For Hannah, who never knew her grandparents, or her father’s childhood home, it is the the upsurge of a time before her own, a time when she did not yet exist. Several times, I wonder how she feels as she listens to us. Because, in a way, her father and I are somewhere else, in the fever of “time regained” pronounced in two voices, where each is immersed in who he or she was 58 years ago.

Jonathan had brought pictures of him and Brian, as children, and of his parents. I hadn’t forgotten anything about their faces. His mother’s smile, his father’s presence. Then I thought that there must have been a pleasure of unutterable sweetness to be able to talk about his late parents to someone who had known them in the prime of their lives, a possibility that recedes as one progresses in life.

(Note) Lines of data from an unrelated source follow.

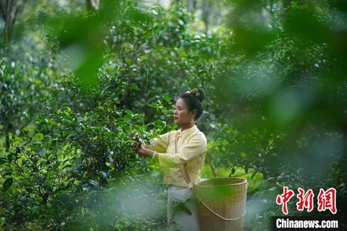 景邁大寨的傣族姑娘在茶園采茶。劉冉陽 攝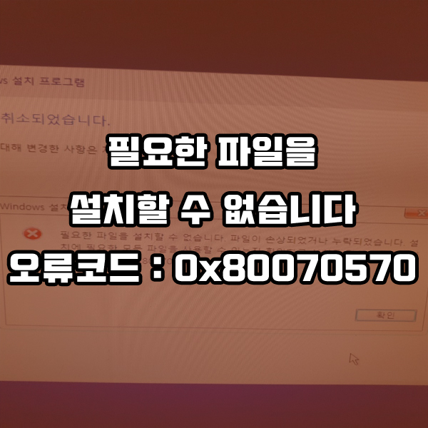 필요한 파일을 설치할 수 없습니다. 파일이 손상되었거나 누락되었습니다. 설치에 필요한 모든 파일을 사용할 수 있는지 확인하고 설치를 다시 시작하십시오. 오류코드: 0x80070570
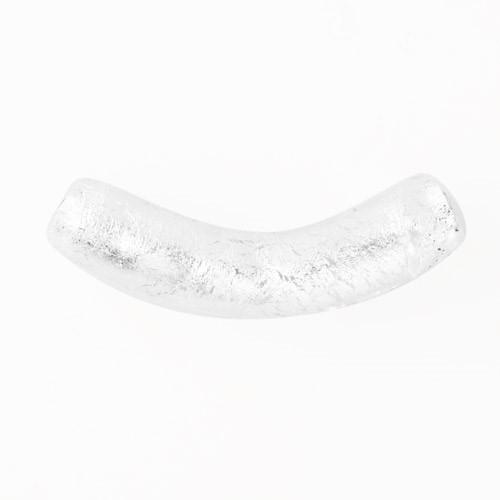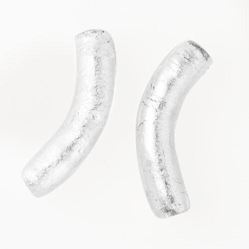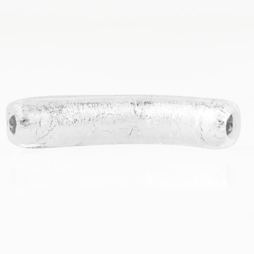 Perla di Murano tubo curvo Sommerso Ø8x40. Vetro trasparente, foglia argento. Foro passante.

Before we leave, we take selfies. That’s when we notice the clock we were sitting beneath.

We head towards the boulevard Saint-Germain together. I think of London, where I walked at 19 as I walk today in Paris – which, at that time I had never seen.

Very emotional, we go our separate ways at the carrefour de l’Odéon, at the taxi rank. Saying see you again, next time, in London.

 

 

[1] Translator’s note: the first statement appears as is in French and English; the second two are in French only.

[2] Translator’s note: in English in the text.

[3] Editor’s note: Mémoire de fille has been translated by Alison Strayer under the title A Girl’s Story. It will be published in April 2020 by Fitzcarraldo Editions in Britain, and Seven Stories Press in the US.

[4] Translator’s note: while published in Tanya Leslie’s translation as Exteriors, it is important to note the echo between Ernaux’s title and the title of Hannah Portner’s text.